The Port of Plenty?

HOUSTON

If you live in Harris County, just look at your tax bill. You pay money every single year to support the Port of Houston. Is your investment being taken for granted?

This is Nova Scotia's famous Port of Halifax. If its entertaining spokesman, Lord Haligonian, was at Ryan Duffy's Steak House last September, he may have run into three top officials of our Port of Houston.

The chairman, Jim Edmonds, was there. So was president, Alec Dreyer. One long night of food and liquor -- almost $900. Of course, the Port paid for their spouses, too, even though port policy says commissioners should reimburse.

"The perfect example of unaccountability," Former Harris County Tax Assessor-Collector Paul Bettencourt said.

"Having that kind of dinner seemed to be small compensation for them volunteering their time," Dreyer said.

Volunteering because half a dozen government executives -- on your dime -- apparently needed help to land a Port convention here in 2014 for the historic 100-year anniversary of the Houston Ship Channel.

And why did it take six port officials to go anyway? Registration at the convention totaled more than $8,000. Just one air fare -- $2,200. A hotel bill for another commissioner and his wife -- almost $1,600. You get the point.

We did notice Jim Edmonds' hotel bill in Halifax was nearly twice as big per night as everyone else's -- $400 a day. That's because he got to stay at the Haliburton, a historic boutique hotel.

Edmonds spent $8,000 for a single plane ticket to Paris, France, supposedly to make a speech. The other 16 days of the trip -- vacation time.

Edmonds had been to Europe just weeks before. This time, the International Port Conference in Genoa, Italy. Christopher Columbus was born there.

Three port commissioners had to go -- more first-class travel. One staff member had an entertainment bill of nearly $3,000 in three nights.

Dinners and drinks for some of the port big wigs are between $700 and $1,100 a night, plus more bar bills.

By the way, commissioners don't have to fill out their own expense reports.
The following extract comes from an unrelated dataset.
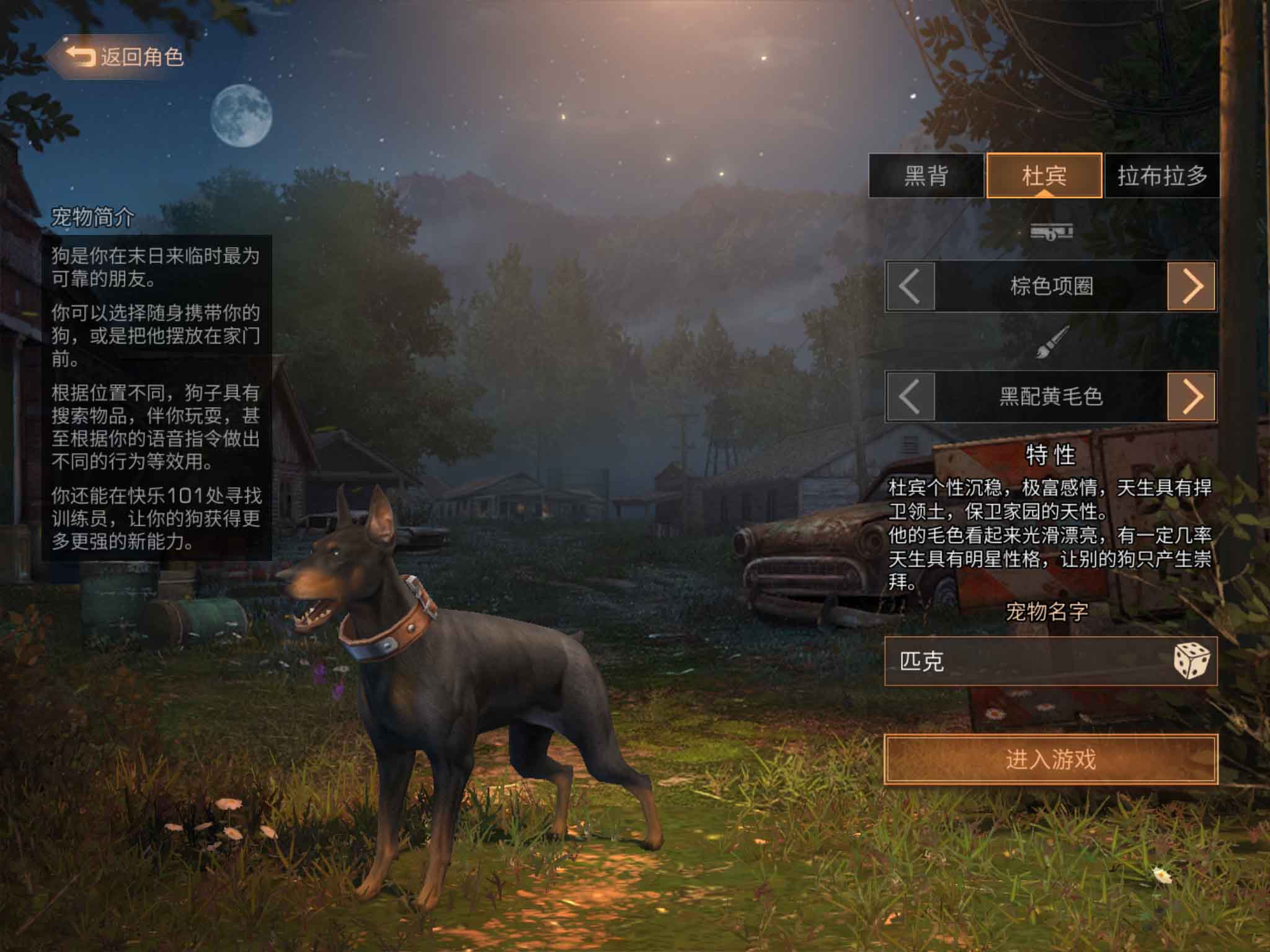 游戏在一开始创建人物的时候还能给自己选择一直动物伙伴,一共有黑背、杜宾、拉布拉多三种品种的狗狗可以选择。

But we did learn that we paid for the spouses' entertainment again. Guess it was more of that volunteering.

"They can spend it whatever way they want to," Bettencourt said.

We found plane tickets to London for two PHA execs last December -- $7, 500 apiece. And that's before gas prices went crazy. The Port pays a travel agent $35 a ticket to book every single flight, so it can get those really good fares. When you look at the bills, you can tell.
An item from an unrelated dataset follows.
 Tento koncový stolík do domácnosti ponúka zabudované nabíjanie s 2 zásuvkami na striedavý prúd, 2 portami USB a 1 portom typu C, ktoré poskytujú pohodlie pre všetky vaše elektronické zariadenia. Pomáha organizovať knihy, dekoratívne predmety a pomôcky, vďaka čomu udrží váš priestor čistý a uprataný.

The New York trade week...

"I'm not familiar with all those individual charges," Dreyer said.

One day entertainment $2,512. The next day -- $1,857 more. That sounds like party money well spent.

"I had difficulty in understanding how it was yielding the kind of benefits that we hoping that meeting would have," Dreyer said.

A suite for just one night at this year's rodeo for the port execs and a few clients cost $3,250, about the cost of average Port tax bill for 150 Houston families.

There is an ancient state law that lets Ports spend part of their revenues on promotion and development. Of course, if they spend it wisely then maybe they wouldn't need so much our tax money.

"What the public needs to understand is this law makes the Port effectively, completely unaccountable to anyone," Bettencourt said.

And the Port president says they've cut administrative expenses by eight percent in the last two years. Just imagine how they used to spend their money.